Chicken Pineapple Paleo Stir-Fry

Chicken Pineapple Paleo Stir-Fry Chicken Pineapple Paleo Stir-Fry
 

When making this recipe, I found that making the spicy pineapple sauce a day in advance as the flavours really have time to bind together. It also cuts down on preparation time having a jar of the sauce already made. The recipe for the spicy pineapple sauce makes 4 cups, only 1 cup is needed for the entire recipe. While making sure to properly store the other 3 cups of leftover sauce for another dinner. This sauce also pairs excellently with other meats for instance pork tenderloin wrapped in tin foil with a very generous cup of the sauce roasting on the bbq, absolutely delicious as well.
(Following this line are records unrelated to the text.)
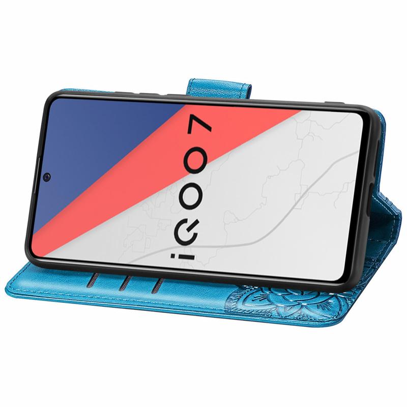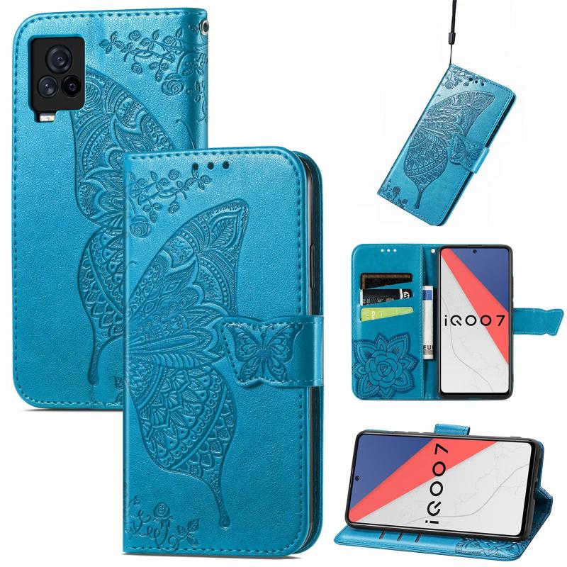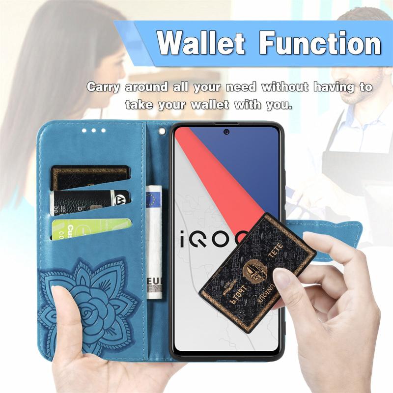 Θήκη δέρματος οριζόντιας αναδίπλωσης με ανάγλυφο σχέδιο πεταλούδας, λουλούδια, βάση στήριξης, θήκες για κάρτες, πορτοφόλι και λουρί για vivo IQOO 7 (Σκούρο Μωβ)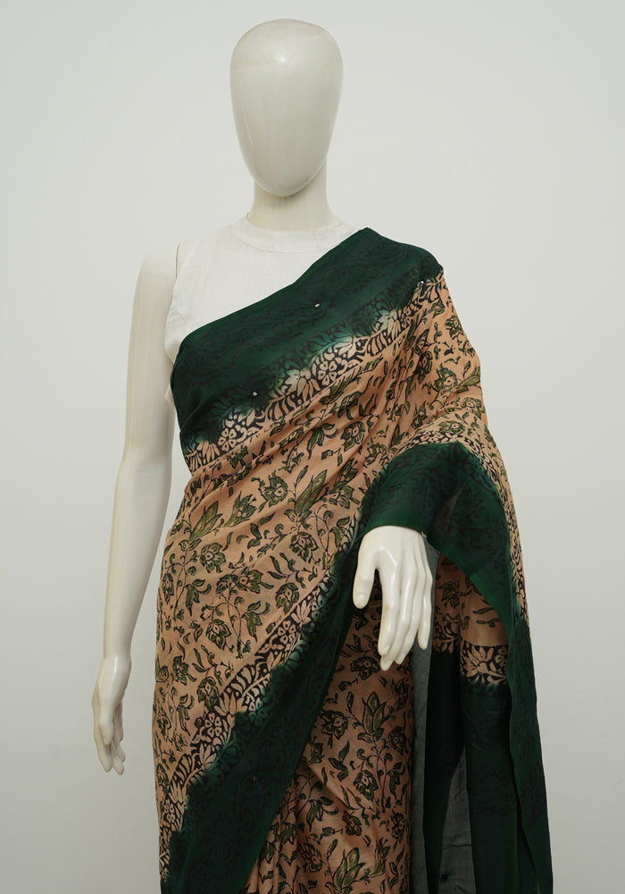Light Brown and Green Block Printed Chennur Silk Saree with Mirror Work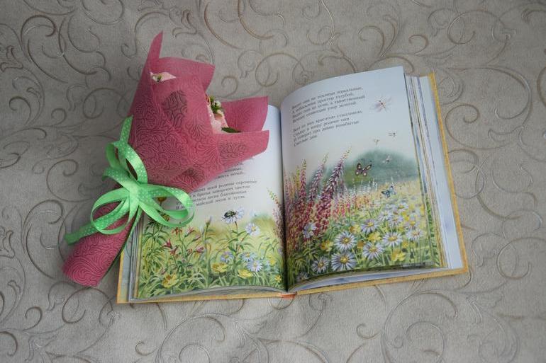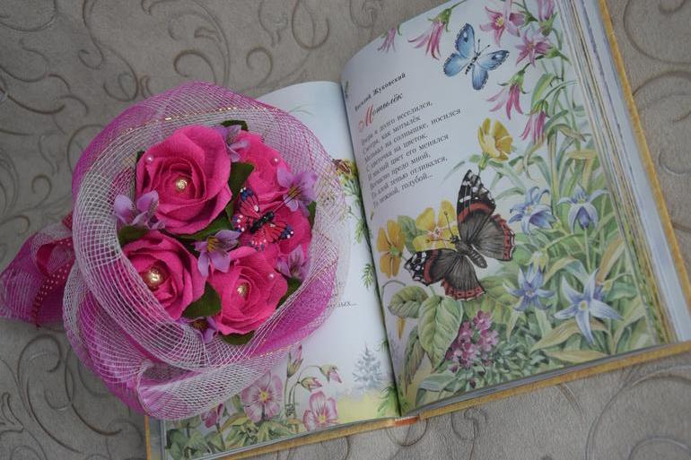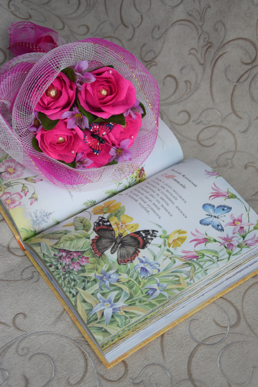 Для первой учительницы Дима выбрал ярко розовый букет с бабочкой: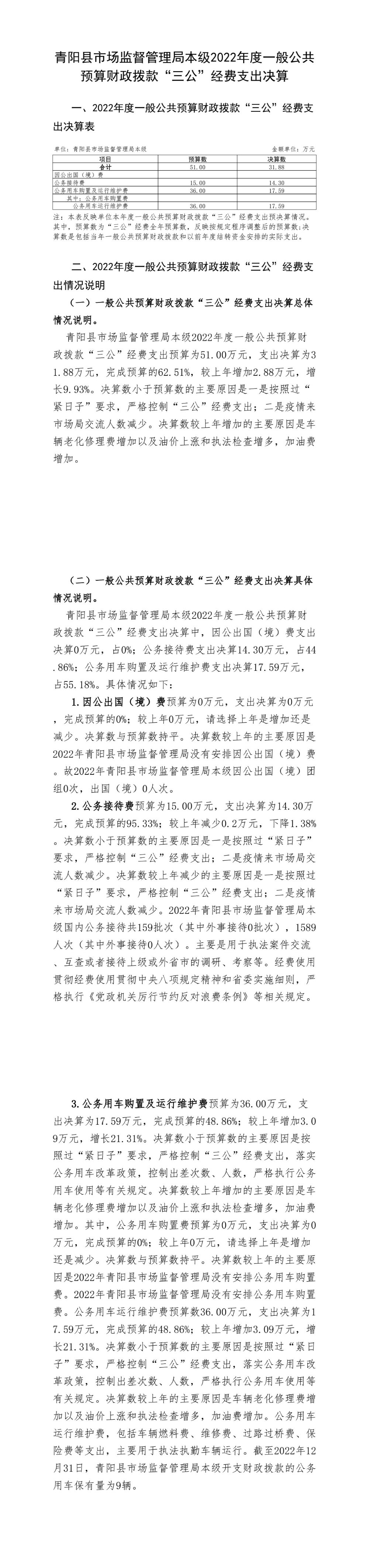 名稱: 青陽縣市場監督管理局本級2022年度一般公共預算財政撥款“三公”經費支出決算公開情況 文號: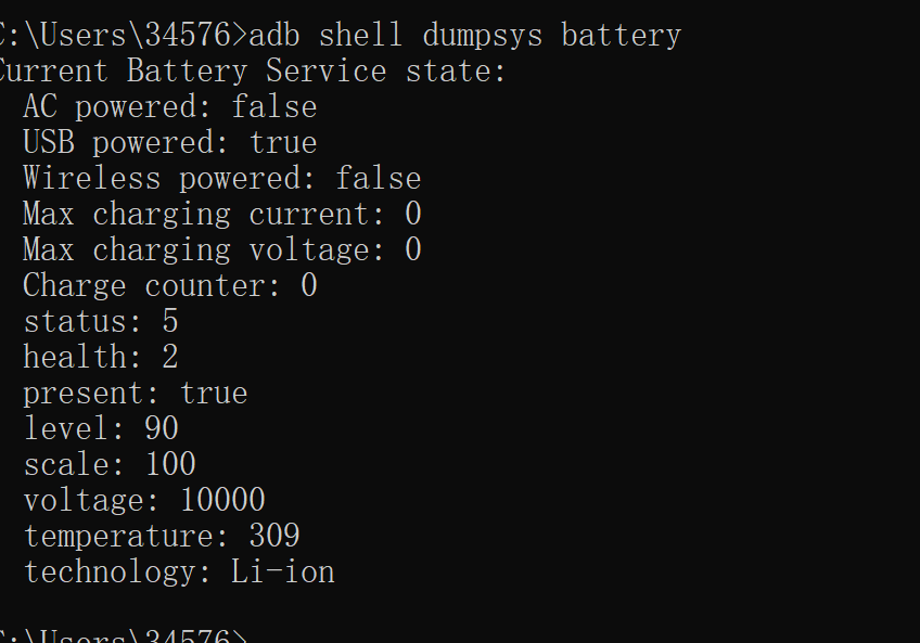 其中 scale 代表最大电量,level 代表当前电量。上面的输出表示还剩下 90% 的电量。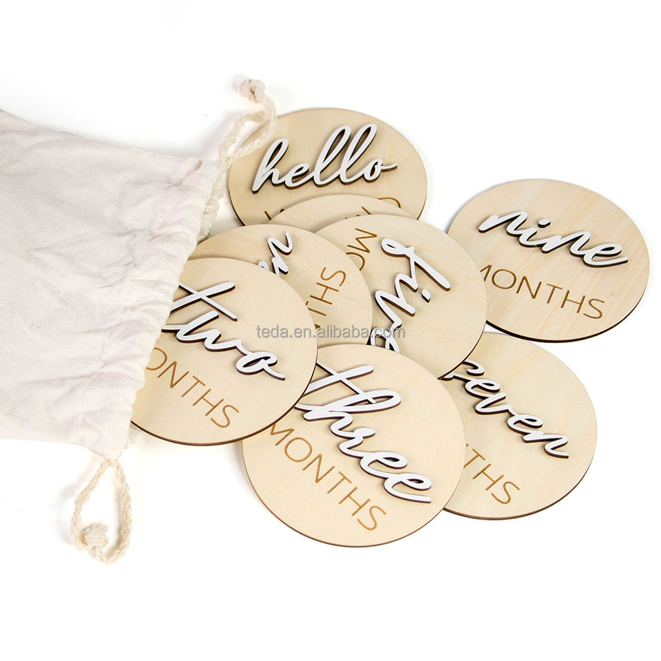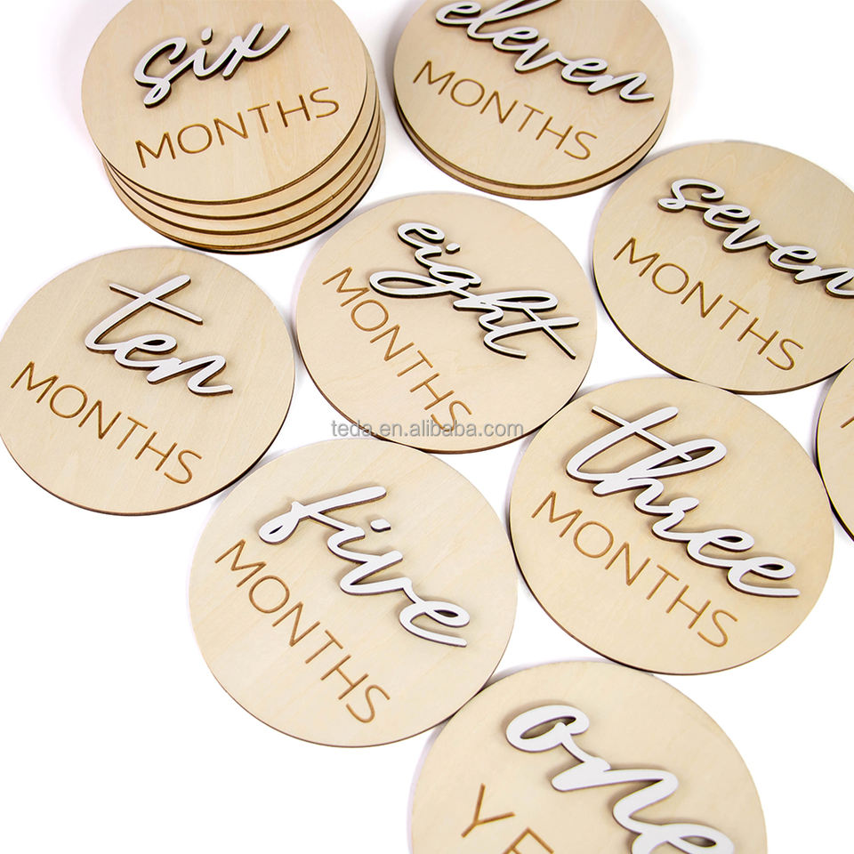 Tarjetas de hitos mensuales para bebés hermosos personalizadas para conmemorar el crecimiento, impresión grabada con láser, tarjetas de hitos de madera para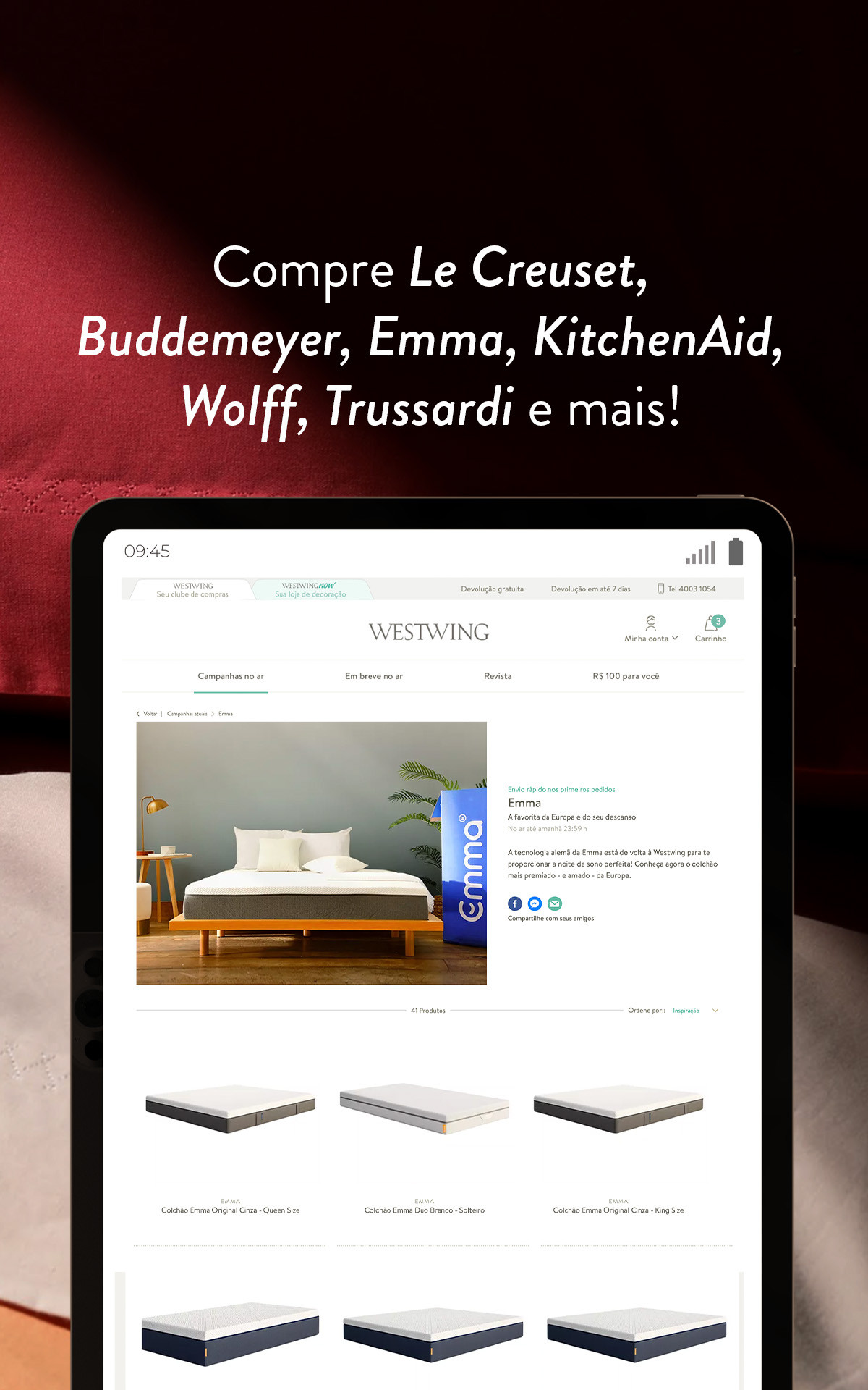 Благодаря выбору основных брендов домашнего декора, косметики и товаров для здоровья вы можете покупать товары от Le Creuset, Buddemeyer, KitchenAid, Missoni Home, Wolff, Trussardi, Porto Brasil с лучшими скидками и предложениями.

That is just one other idea that the sauce itself can be used with, now for this entire recipe of Chicken Pineapple Paleo Stir-Fry it can be served on a bed of cauliflower rice, zucchini noodles, spaghetti squash noodles, or as it is served with a side of vegetables and a salad.


 

Ingredients:
1 lb. skinless boneless chicken breast, cut into chunks
1 large green bell pepper, chopped
1 large onion, chopped
1 lb pineapples cubes
2 tbsp. coconut oil, olive oil, ghee
Sea salt and freshly ground black pepper

Spicy pineapple sauce:
1 lb pineapples cubes
1 small onion, cubed
1 carrot, roughly chopped
2 garlic cloves
The zest and juice of 1 lime
½ oz. fresh ginger, roughly chopped
½ tsp. ground ginger
½ tsp. cumin
¼ tsp. cinnamon
¼ cup fresh pineapple juice
½ cup of white wine vinegar
Sea salt and freshly ground black pepper
Optional:
4 chili peppers

Directions:

  1. Place all the ingredients for the sauce in a food processor, except for the white wine vinegar, and process until you get a smooth sauce.
  2. Add the sauce to a pot with the vinegar and cook on a medium heat for 15 minutes.
  3. Pour the sauce into bottles or glass jars, and place in a water bath of simmering water for 10 minutes.
  4. In a skillet placed over a medium-high heat, preheat the cooking fat. Then add the chicken cubes and cook for 10 minutes, or until the chicken is no longer pink.
  5. Remove the chicken from the skillet and set aside. Add the pineapple cubes, the green bell peppers and the onions. Cook for 5 minutes, just enough so the vegetables are still nice and crisp.
  6. Add the pineapple sauce to the mixture and bring to a boil. Simmer for about 4 minutes.
  7. Bring the chicken back to the skillet, combine it all together and cook for another 3 minutes, making sure everything is warm.
  8. If you find the sauce a bit too spicy, you can always add some pineapple juice. Season to taste and serve.